Save the configuration file.
- For Apache Hive, save the file as hive_krb5.conf.
- For Apache Impala, save the file as Impala_krb5.conf.
- For Apache Spark SQL, save the file as spark_krb5.conf.

Open the datavirtualization.env file in your remote agent.

vi /root/dv_endpoint/datavirtualization.env

Verify that the contents in the datavirtualization.env file contains the following information.
- JAVA_HOME: This is the path where Java is installed on your machine.
- DATAVIRTUALIZATION_INSTALL: This is the file path for datavirtualization.env.
- KRB5_CONFIG: This is the file path of your newly created krb5.conf configuration file.
The following is an example of the text that your file might contain.
- ```
JAVA_HOME="/root/jdk-21.0.3+9"
```
- ```
DATAVIRTUALIZATION_INSTALL="/root/dv_endpoint"
```
- ```
KRB5_CONFIG=/etc/hive_krb5.conf
```

Replace the parameters in this stored procedure and then run it in Run SQL. In addition, replace <Data_source> with Hive, Impala or SparkSQL.

call dvsys.setrdbcx('<Data_source>', '<host_name>', <db_port>, '<database_name>', '', '', '', <use_SSL>, <validate_cert>, '', '<SSL_certificate>', '<RemoteAgentName:Port>', 'UserPrincipal=<User_principal>,ServicePrincipal=<Service_principal>,Keytab=<Keytab_info>', ?, ?, ?)
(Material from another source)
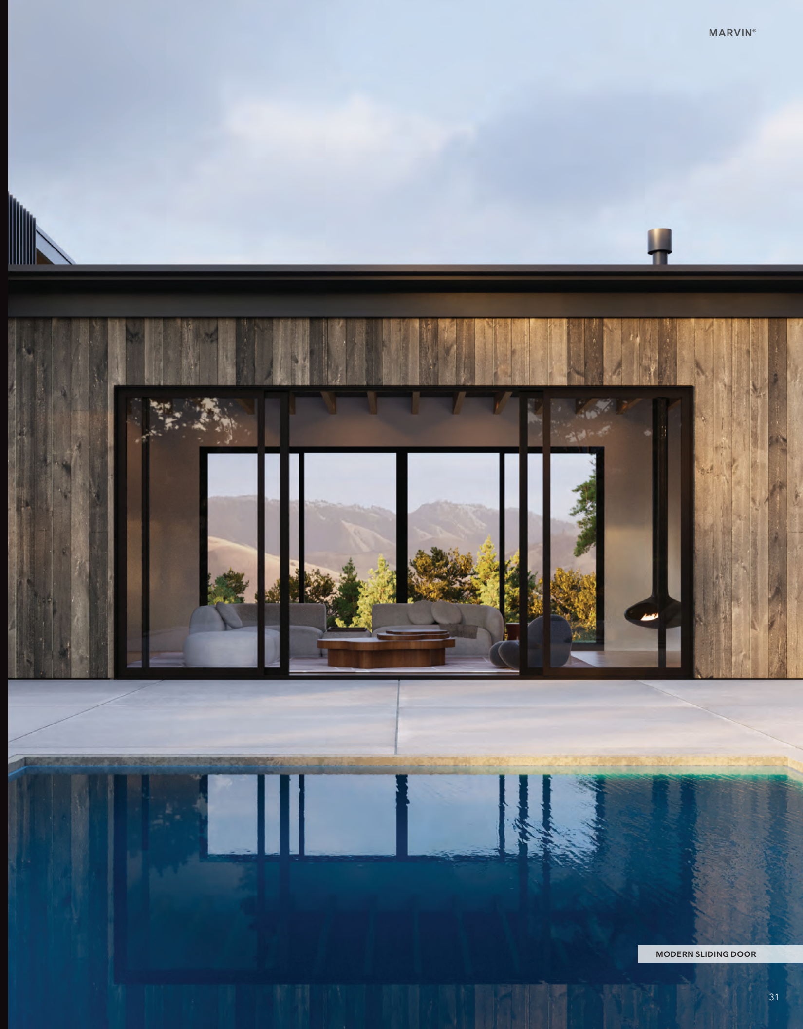
MODERN SLIDING DOOR

Marvin Modern brings exceptional design, performance, and customer experience together, creating a product line that meets the exacting principles and standards of true modern architecture. Innovative Marvin High-Density Fiberglass exteriors, leading thermal performance, consistent narrow sightlines, and a modular system all add up to the Modern product line—a seamless approach to modern design.

For more information on the parameters, see setRdbcX stored procedure (Variation 2).

The following is an example of the stored procedure.
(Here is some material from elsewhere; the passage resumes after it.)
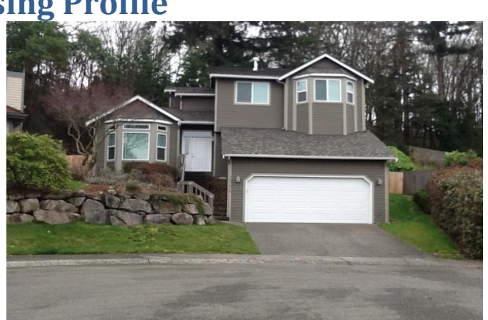
Grade 8/ Year Built 1980/ TLA 1,730
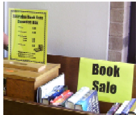
Johnston Branch Friends has an on-going book sale called "BookNook."

call dvsys.setrdbcx('SparkSQL', 'krbds-hive.fyre.ibm.com', 10000, 'sparkdb01', '', '', '', 0, 0, '', '', 'RA_FOR_KRB:6415', 'UserPrincipal=spark/xxxx.fyre.ibm.com@IBM.COM,ServicePrincipal=hive/xxx.fyre.ibm.com@IBM.COM,Keytab=XXXXXXEQAQcheKq6W+vSDlrJ1GSZAITwAAAAIAAABMAAIAB0lCTS5DT00ABXNwYXJrABdrcmJkcy1oaXZlLmZ5cmUuaWJtLmNvbQAAAAFlHD9NAgAXABBTo30Yd3yTHr8rzj8V9lGKAAAAAgAAAFwAAgAHSUJNLkNPTQAFc3BhcmsAF2tyYmRzLWhpdmUuZnlyZS5pYm0uY29tAAAAAWUcP00CABoAIJNL0pQT6SkPC+JfILB+yq3rcCQo/6uRfLuBSPUmlS6XAAAAAgAAAEwAAgAHSUJNLkNPTQAFc3BhcmsAF2tyYmRzLWhpdmUuZnlyZS5pYm0uY29tAAAAAWUcP00CABkAEAa0R7FrW9AX+Q4GfmCLiG4AAAAC', ?, ?, ?)

Check whether the stored procedure was successful by selecting the Results tab, and then checking the Output value column.
- A successful output has an integer of 1.
- An unsuccessful output has an integer of 0. Verify the previous configuration steps again.